In a society such as India's, where the caste system of the old has been combined with a middle class 'meritocracy', this is an enormous waste of human potential. Only equipped to provide answers to other people's questions, an Indian student is predestined to the obscurity of the back-office. This may have worked in the 1990s and India was a major beneficiary of globalisation. But those glory days of offshoring is really and truly over. The twin forces of political pressure and automation of the workfloor (which reduces labour costs as a proportion of total costs and make smaller near-shore production facilities viable) has put globalisation on the reverse gear. With this reconfiguration, the whole model of Indian education - narrow and early focus on technical skills, privilege for analytical abilities and the aspirations to be 'mediocre and safe' - has become obsolete.

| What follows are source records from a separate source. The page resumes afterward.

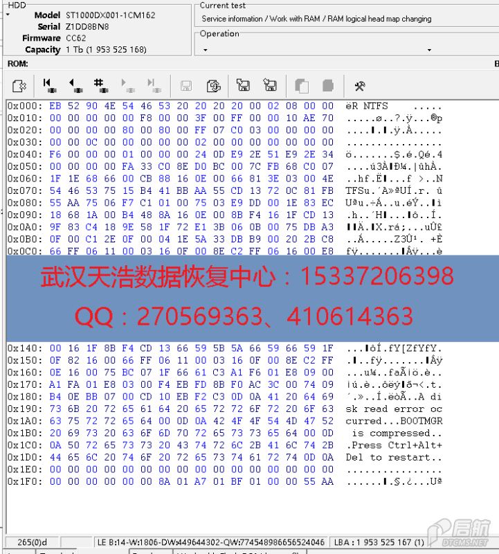 ST1000DX001-1CM162 SSHD不认盘恢复成功案例
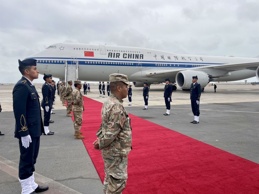 当地时间11月17日,国家主席习近平乘专机离开秘鲁利马。
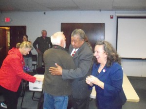 Winnsboro attorney Debra Matthews (right) celebrates as District 3 challenger Walter Larry Stewart (second from right) receives congratulations from Vernon Plyant following the Election Commission’s ruling Monday that a new election would be necessary between Stewart and incumbent Mikel Trapp for the District 3 County Council seat. (Photo/James Denton)
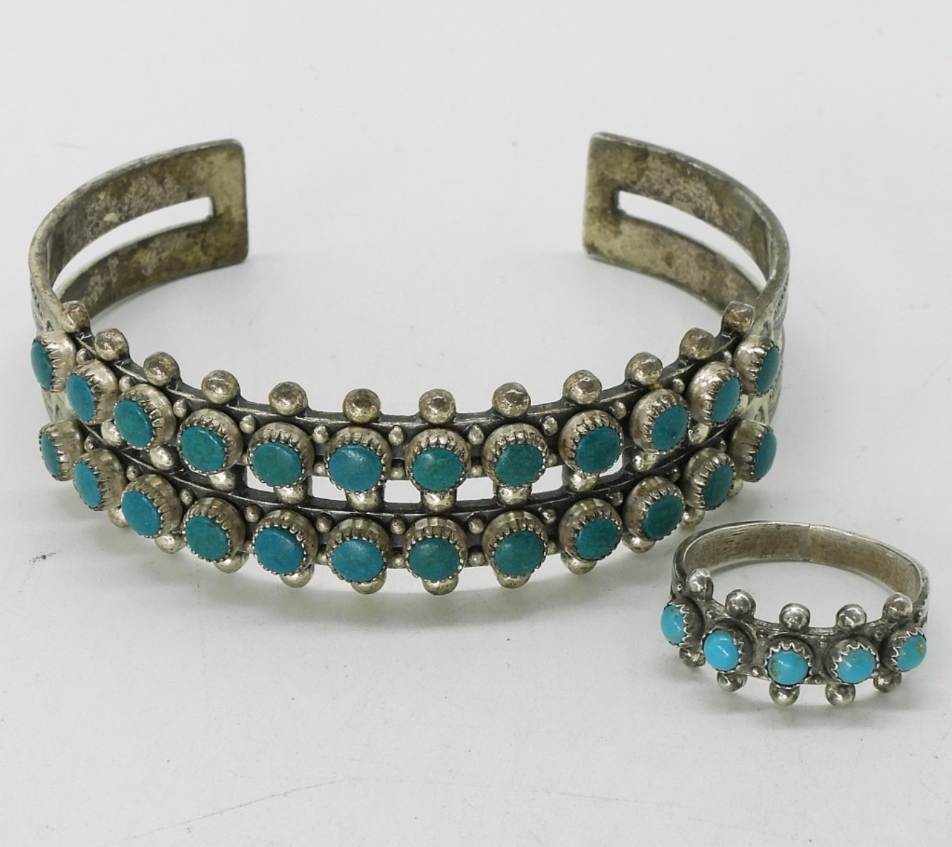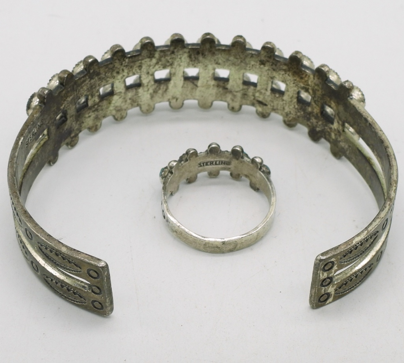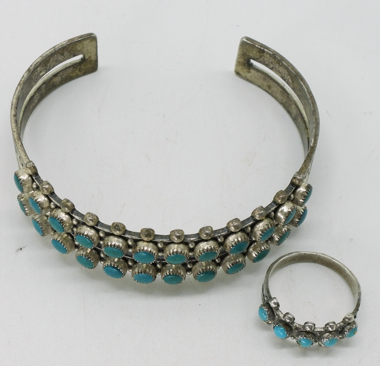Turquoise vintage sterling cuff bracelet and a matching ring, size 6. (17.7 dwt)

Enter Liberal Education: A new model of undergraduate education that will allow the intellectual freedom and exploration, combine opportunities for realisation of one's learning potential and cultivate the students' ability to ask the questions (as well as of finding answers). Indeed, the term is much abused. A foreign model, Liberal Education has been used to mean - in some cases - an American-style education, that will help the students seek admission in US colleges. Also, the colonial heritage meant that the Liberal Education is taken to be an overtly literary education, which privileges English literature above all else. At the same time, liberal education has come to mean, in some quarters at least, a traditional education, one that would look back rather than looking forward and the Indian students will live with the Gurus studying Sanskrit and other traditional texts. A model for Liberal Education fit for 21st century India remains as yet undefined.
But the need for it is clear and component parts of it are clearly identifiable: That we are having this discussion is the first step in creating such a model. As the globalisation recedes and intelligent machines take over process jobs that Indian workers were so good at doing, Indian students will now need an education that helps them to deal with uncertainty, take control of their own lives and to shape and to lead their own futures. This education needs to give them freedom to explore and develop not only their analytic, but also the creative and practical abilities. It needs to end the colonial dichotomy of style and substance (best expressed by 19th century Chinese official Zhang Zhidong: 'Chinese learning for substance; Western learning for practical application'). With this education, Indian students will neither feel inferior (so as to embrace an anglicized identity wholesale) not be defensive (so to reject all things foreign). India's great hope of a demographic dividend crucially depends on the realisation of such a model.